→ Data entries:
________________________

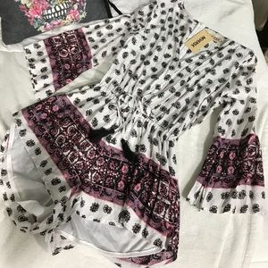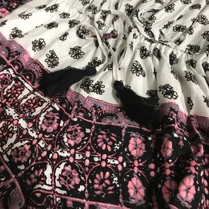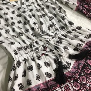 Printed romper, cinched waist with tassels. Bell sleeves, low cut but has a snap closure to give you the option of making it less revealing. Size medium/ AUS 10. Never worn with tags
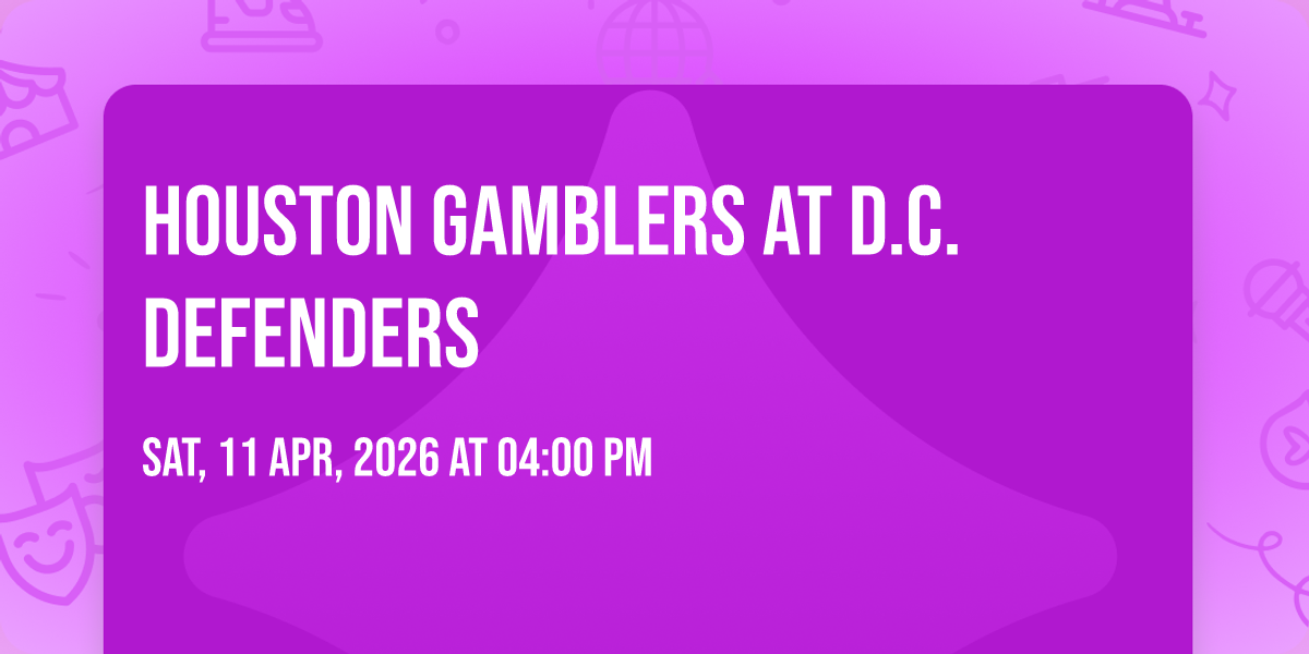 📍 Location: 38.8687, -77.0129✨ Discover the extraordinary at Houston Gamblers at D.C. Defenders, where magic meets reality in ways you've never imagined! 🏛️ Set in Audi Field nestled in bustling Washington, DC, this event promises to be a landmark occasion. 📅 Taking place on April 11th, 2026 at 04:00 PM, it's going to create an atmosphere where every moment becomes a cherished memory. 🌟 Immerse yourself in an experience crafted with attention to every detail, designed to surprise and delight at every turn. They have worked tirelessly to ensure this event exceeds all expectations, bringing together elements of entertainment, innovation, and pure joy. 🎊 Don't miss your chance to be part of this remarkable journey!
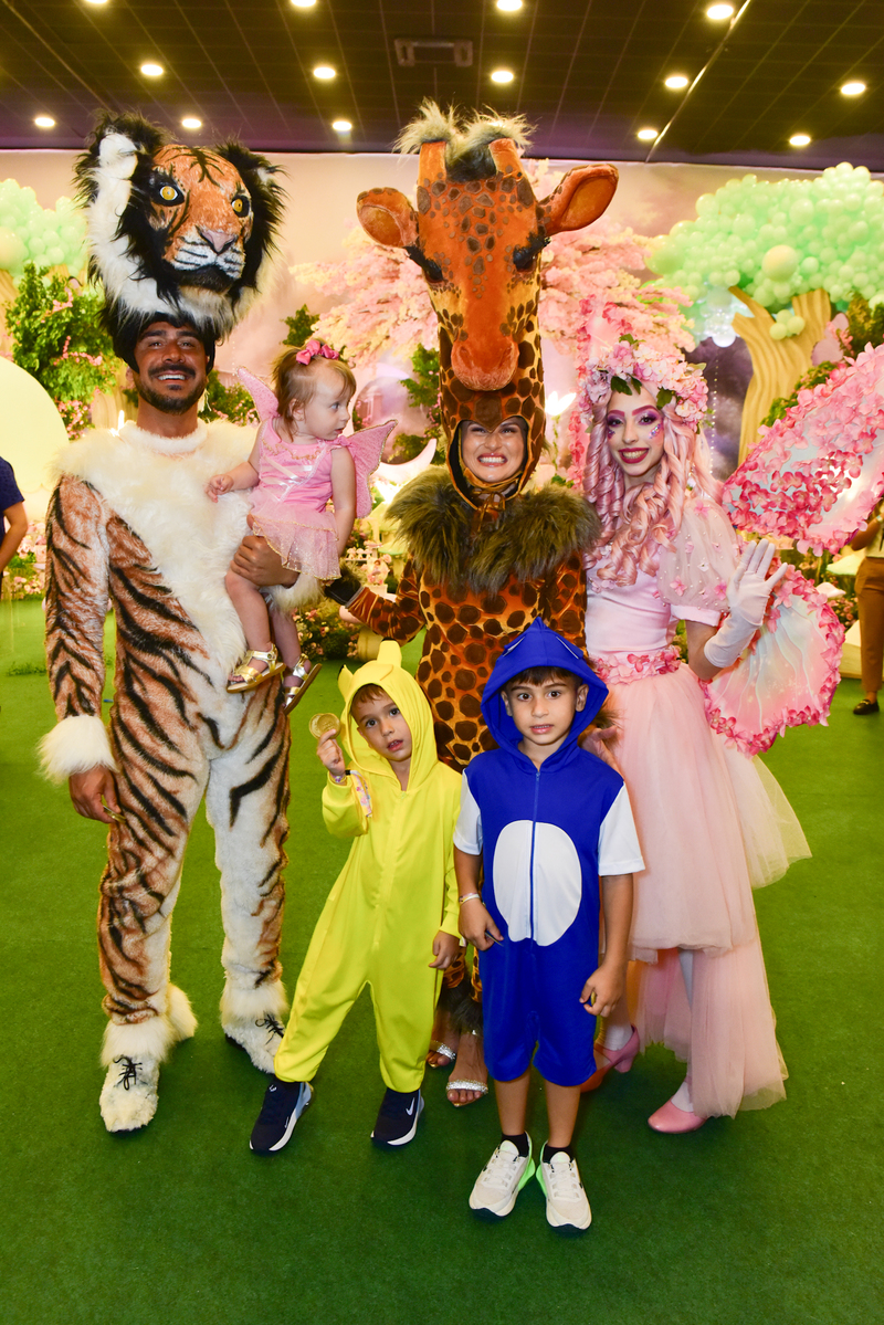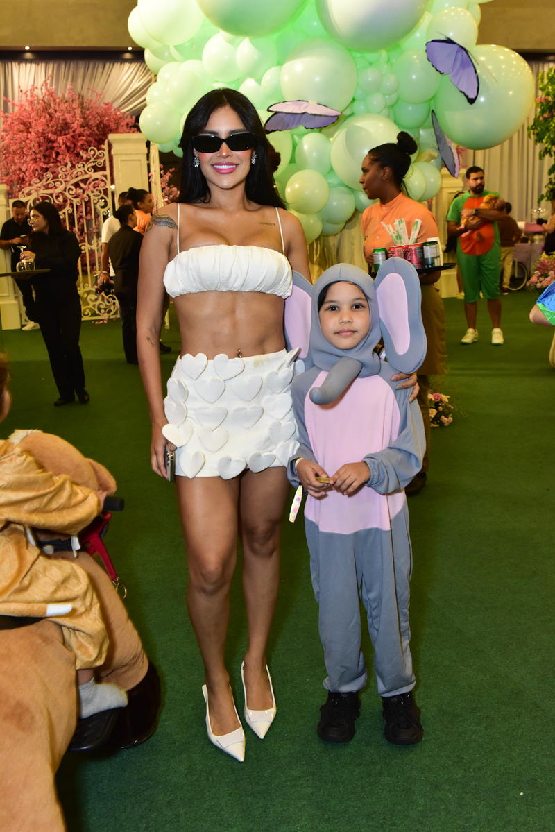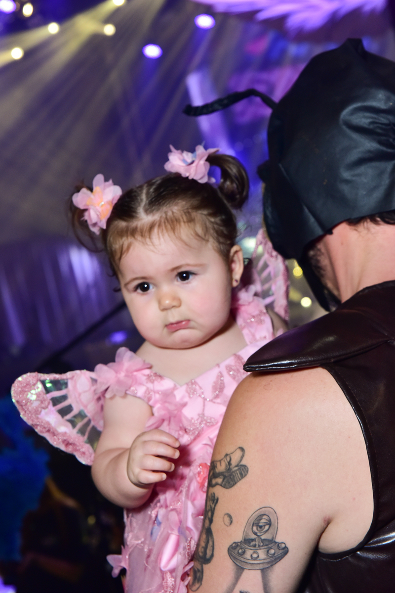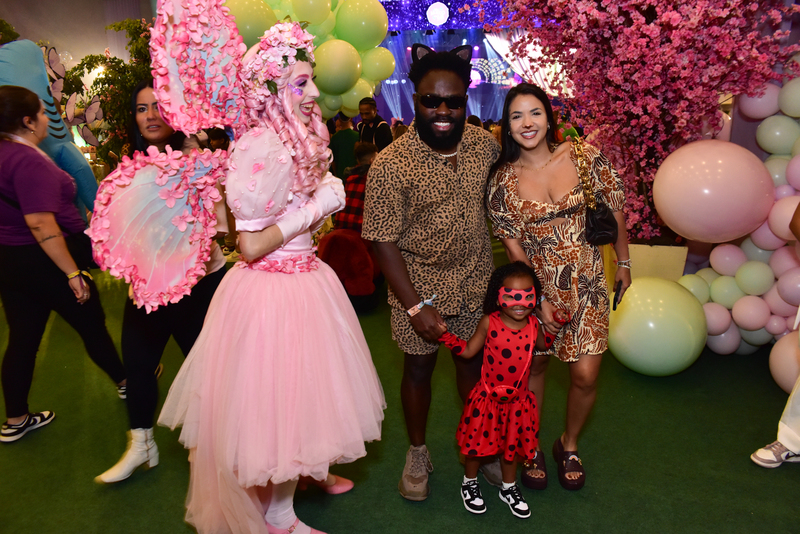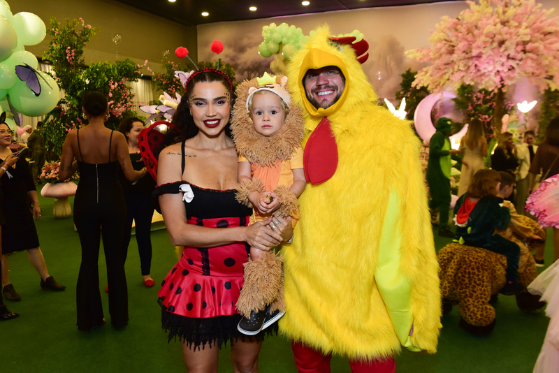 O casal de ex-BBBs se fantasiou de Rainha de Copas e Chapeleiro Maluco, personagens de Alice no País das Maravilhas. A aniversariante se vestiu da protagonista Alice e roubou a cena com sua fofura.
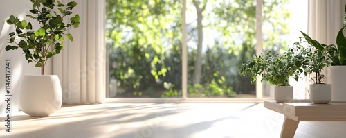 Fototapeta premium Potted plants illuminating minimalist interior with natural light
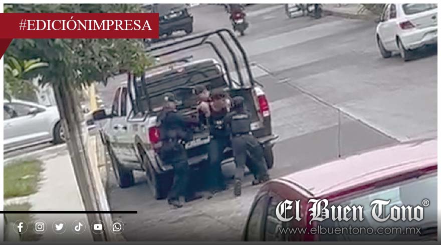 Mediante jaloneos fue subido a la unidad policiaca y trasladado a las instalaciones del Mando Único en la colonia Santa Cruz Buena Vista.

________________________

→ Activity:
Nothing but the lines from the one containing "Fototapeta premium Potted" through the final line of the entries above should be given again, each exactly as written; omit the pictures.

→ Solution to this task:
 Fototapeta premium Potted plants illuminating minimalist interior with natural light
 Mediante jaloneos fue subido a la unidad policiaca y trasladado a las instalaciones del Mando Único en la colonia Santa Cruz Buena Vista.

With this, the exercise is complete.